Ages Eligible for Study

18 years to 65 years (Adult, Older Adult)

Accepts Healthy Volunteers

No

Genders Eligible for Study

All

Description

Inclusion Criteria:

  • Patients with cirrhosis and refractory ascites who required 3 or more large volume (4 liters and more) paracenteses in the previous 60 days

Exclusion Criteria:

  • Ascites with causes other than cirrhosis such as nephrogenic ascites or malignant ascites due to peritoneal carcinomatosis
  • Total bilirubin > 5 mg/dL
  • Blood clotting International normalized ratio (INR) > 2.5
  • Serum creatinine > 2.0 mg/dL
  • Current or recent (within 3 months of consent) renal dialysis
  • Hepatic encephalopathy grade 3 or 4
  • Superimposed acute liver failure/injury due to factors other than alcoholic hepatitis, including acute viral hepatitis, drugs, medications (e.g., acetaminophen), or other toxins (e.g., mushroom [Amanita] poisoning)
  • Current or recent treatment (within 7 days) with octreotide, midodrine, vasopressin, dopamine or other vasopressors
  • Respiratory failure requiring positive airway pressure devices or intubation
  • SIRS/sepsis episode in the previous 28 days from consent
  • Episode of spontaneous bacterial peritonitis or gastrointestinal hemorrhage within 28 days of consent
  • Ongoing documented or suspected infection
  • Severe cardiovascular disease that are contraindication to terlipressin therapy such as advanced arteriosclerosis, arrhythmia, coronary insufficiency or uncontrolled hypertension
  • Findings suggestive of organic renal disease (severe proteinuria/hematuria, or abnormal renal ultrasound suggestive of obstructive or other renal pathology)
  • Severe comorbidity that in the opinion of the Investigator would affect short-term prognosis and/or disallow safe participation in the trial (such as for example, severe anemia or pancytopenia, advanced neoplasia, hepatocellular carcinoma [confirmed with serum alpha1-fetoprotein testing], severe chronic obstructive pulmonary disease or asthma)
  • Alcoholics who have not been abstinent for the past 6 months
  • Transjugular intrahepatic portosystemic shunt or other surgical shunt
  • For female patients: Confirmed pregnancy
  • Known allergy or hypersensitivity to terlipressin
  • Participation in other clinical research studies involving the evaluation of other investigational drugs or devices within 30 days of consent.

Study Plan

This section provides details of the study plan, including how the study is designed and what the study is measuring.
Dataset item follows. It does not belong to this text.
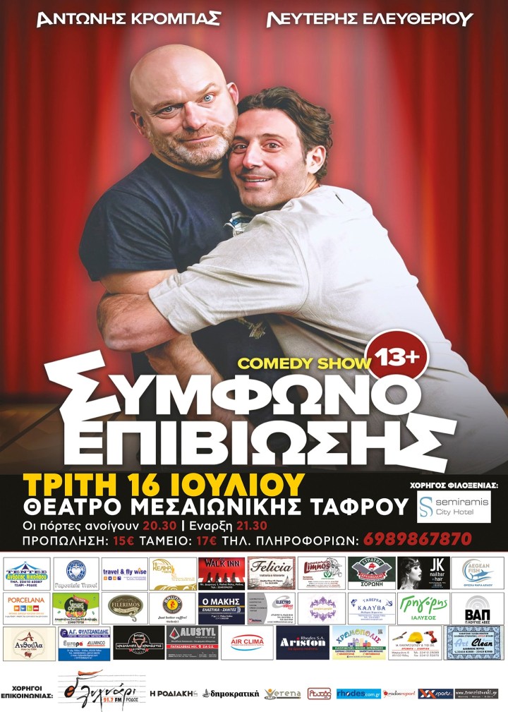 Ο Αντώνης Κρόμπας και ο Λευτέρης Ελευθερίου, το αχτύπητο κωμικό δίδυμο της νέας ελληνικής κωμικής σκηνής έρχεται στη Ρόδο, στο Θέατρο Μεσαιωνικής Τάφρου, με ένα καταπληκτικό comedy show και υπογράφουν «Σύμφωνο Επιβίωσης».

How is the study designed?

Design Details

  • Primary Purpose: Treatment
  • Allocation: N/A
  • Interventional Model: Single Group Assignment
  • Masking: None (Open Label)

Arms and Interventions

Participant Group / Arm
Intervention / Treatment
Experimental: Terlipressin acetate continuous infusion
Continuous infusion of terlipressin starting at 2 mg/day over 7 days in-house and if tolerated continue treatment in the ambulatory setting for 21 days
Low-dose continuous infusion of Terlipressin administered via ambulatory pump over 28 days
Other Names:
  • Terlipressin

What is the study measuring?

Primary Outcome Measures

Outcome Measure
Measure Description
Time Frame
Clinical Safety of Terlipressin Infusion in Cirrhotic Patients With Refractory Ascites
Time Frame: 28 day treatment period and 28 day post-treatment
Rate of treatment emergent adverse events assessed by physical examination and laboratory safety
28 day treatment period and 28 day post-treatment
Steady State Plasma Levels of Terlipressin and 8-lysine Vasopressin During Terlipressin Continuous Infusion at 2 mg/Day in Cirrhotic Patients With Refractory Ascites
Time Frame: 7 day treatment
Serial sampling for determination of Terlipressin concentration and metabolite 8-lysine vasopressin in plasma at steady state (Css)
7 day treatment

Secondary Outcome Measures

Outcome Measure
Measure Description
Time Frame
Change in Requirement of Large Volume Paracentesis With Continuous Infusion of Terlipressin
Time Frame: 28 day post-treatment
Comparison of pre-treatment and post-treatment incidence of therapeutic paracentesis and change in volume of ascites removed
28 day post-treatment

Collaborators and Investigators

This is where you will find people and organizations involved with this study.

Sponsor

Investigators

  • Study Director: Patrick Yeramian, MD, BioVie Inc.

Study record dates

These dates track the progress of study record and summary results submissions to ClinicalTrials.gov. Study records and reported results are reviewed by the National Library of Medicine (NLM) to make sure they meet specific quality control standards before being posted on the public website.

Study Major Dates

Study Start (Actual)

July 15, 2017

Primary Completion (Actual)

April 1, 2019

Study Completion (Actual)

April 25, 2019

Study Registration Dates

First Submitted

November 20, 2016

First Submitted That Met QC Criteria

April 4, 2017

First Posted (Actual)

April 11, 2017

Study Record Updates

Last Update Posted (Actual)

July 13, 2021

Last Update Submitted That Met QC Criteria

June 22, 2021

Last Verified

April 1, 2019

More Information

Terms related to this study

Plan for Individual participant data (IPD)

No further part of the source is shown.